# Objekt mit DOM serialisieren



## mäcjava (26. Jun 2009)

Hallo,

ich muss für ein Projekt an meiner Schule einen XML Parser auf der Grundlage von DOM schreiben(ich muss). Die Prinzipien sind mir klar nur ich habe folgendes Problem: Ich möchte dem Parser am liebsten ein Objekt liefern, indem eine ganze Menge Daten vorhanden sind: ne Menge ArrayListen und Daten aus verschiedenen Klassen. Wie kann ich da am besten vorgehen. Habe schon einiges versucht  Danke


----------



## Murray (27. Jun 2009)

Unter "XML-Parser" würden die meisten wohl etwas verstehen, was XML versteht und daraus etwas anderes macht - Du willst Deinem "Parser" aber Java-Objekte vorwerfen und dann daraus wohl XML generieren lassen; das wäre dann mehr eine Art Marshaller.

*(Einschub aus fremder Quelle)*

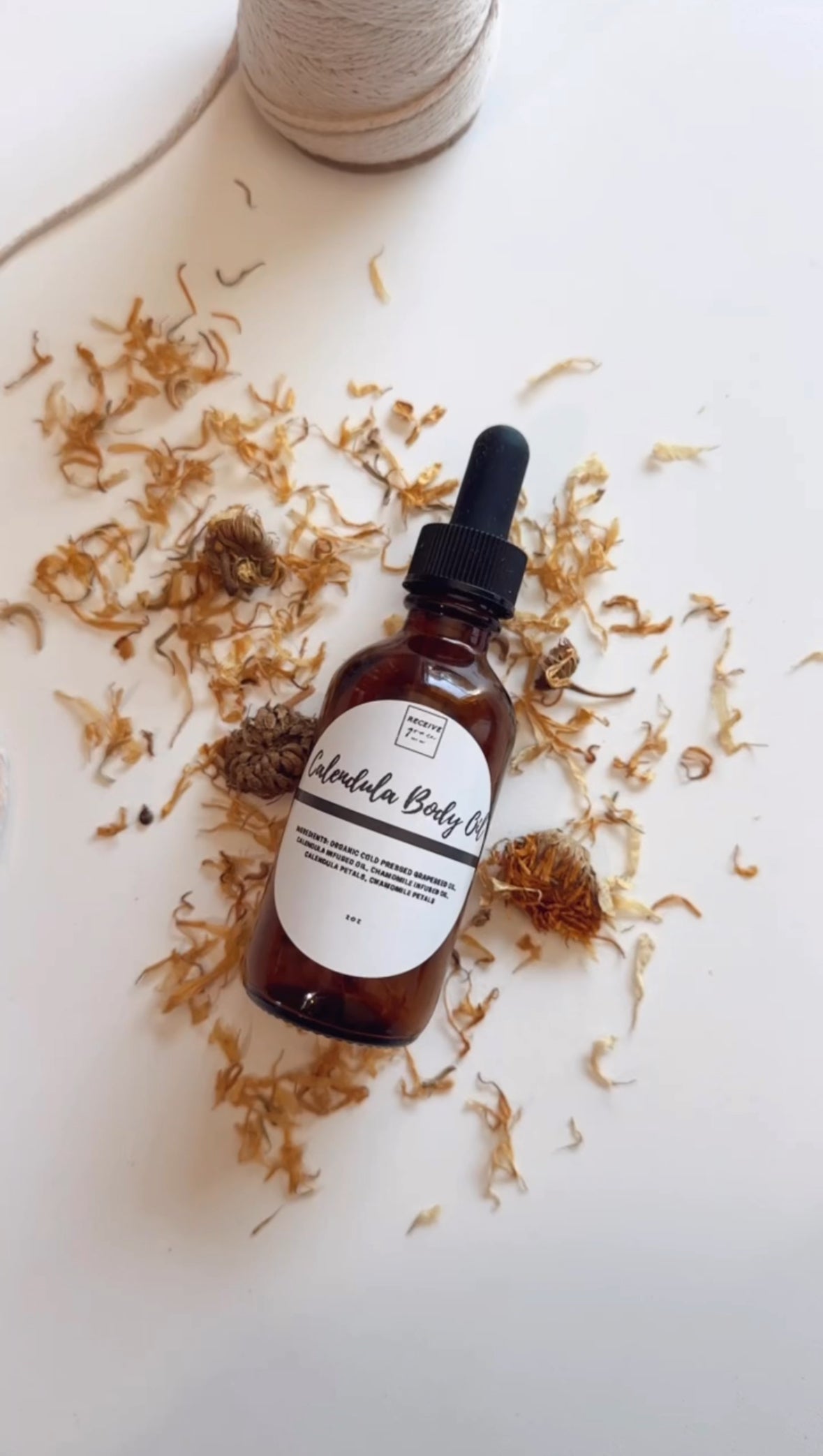 Calendula infused oil has anti-inflammatory and antimicrobial properties, which can help soothe and heal irritated, acne prone or damaged skin.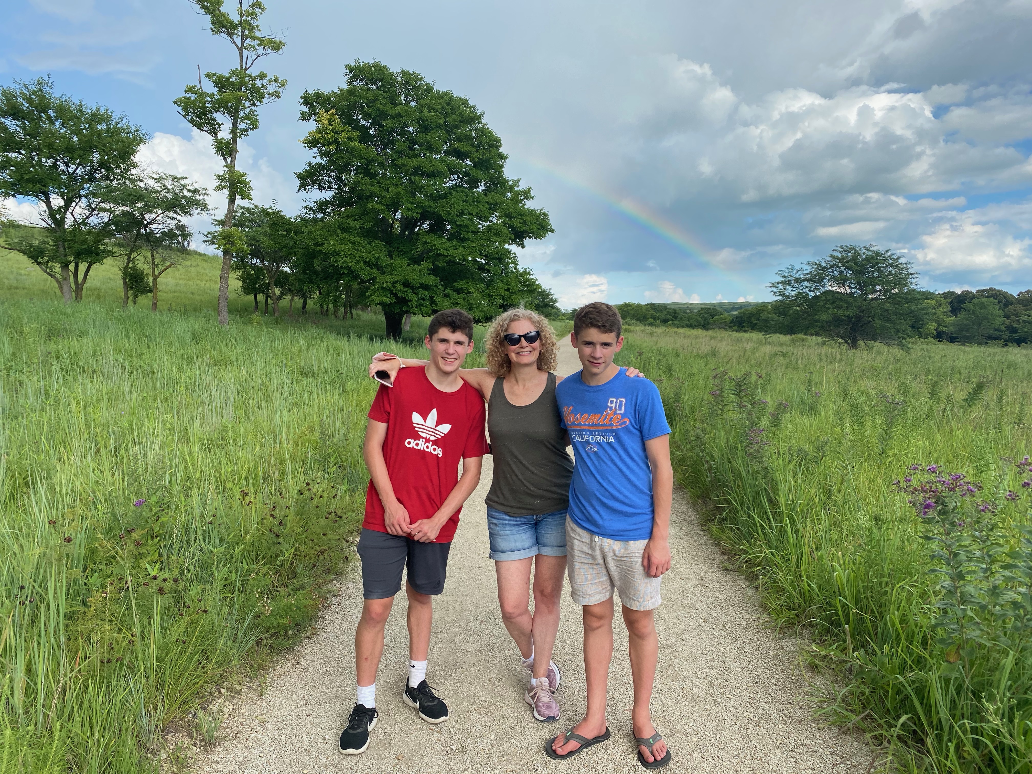 Here’s him with his brother and mom on the Konza Prairie in Manhattan, KS. Note the rainbow.
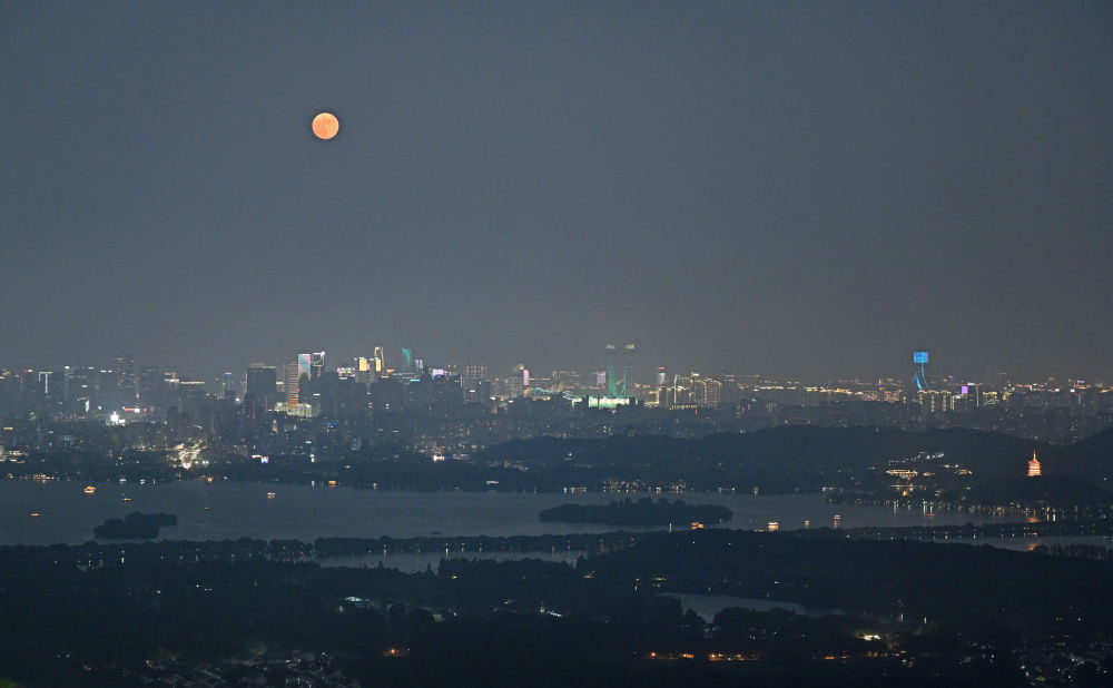 这是中秋当晚拍摄的杭州西湖

Was genau willst/sollst Du machen?


----------



## André Uhres (27. Jun 2009)

Da er ein Objekt mit DOM serialisieren will, geht es wohl darum, eine Art XML Encoder für Bean Objekte zu bauen. Die Klasse *Introspector* liefert Informationen über eine Bean. Sie kann mit Hilfe der Reflection API die Properties, Events und Methoden einer Bean aus den Bezeichnungen der Zugriffsmethoden der Bean herauslesen.


----------



## mäcjava (27. Jun 2009)

danke - das hört sich doch gut an -- gibt es dazu code beispiele ?


----------



## Murray (27. Jun 2009)

Willst Du Beans oder beliebige Objekte als XML speichern? Muss die Objektstruktur aus dem XML wieder erzeugt werden? 
Musst Du (z.B. weil es eine Hausaufgabe ist) wirklich das Rad neu erfinden, oder kannst Du auch  eine fertige Lösung wie z.B. XStream nutzen?


----------



## mäcjava (27. Jun 2009)

Ich muss das Rad leider neu erfinden. XStream ist echt super, aber darf natürlich nicht benutzt werden. Ich will ein Objekt serialisieren und aus der XML soll wieder ein Objekt zusammengesetzt werden. Das sind keine Hausaufgaben, sondern wir machen an unserer Schule ein Projekt. Wäre für Tipps dankbar...


----------



## Murray (27. Jun 2009)

Der einfachere Teil ist das Ausschreiben als XML-Struktur. Prinzipiell muss man dazu per Reflection das auszugebenden Objekt (bzw. seine Klasse) analysieren und alle Member einzeln betrachten. Hat man einen einfachen Typ vor sich (z.B. String oder int), dann wird er ausgeschrieben. Hat man es hingegen mit einem komplexen Typen zu tun, so wird dieser rekursiv analysiert, bis man irgendwann mal bei einfachen Typen landen. Verkompliziert wird das alles durch Arrays, Collections sowie zyklische Referenzen.


----------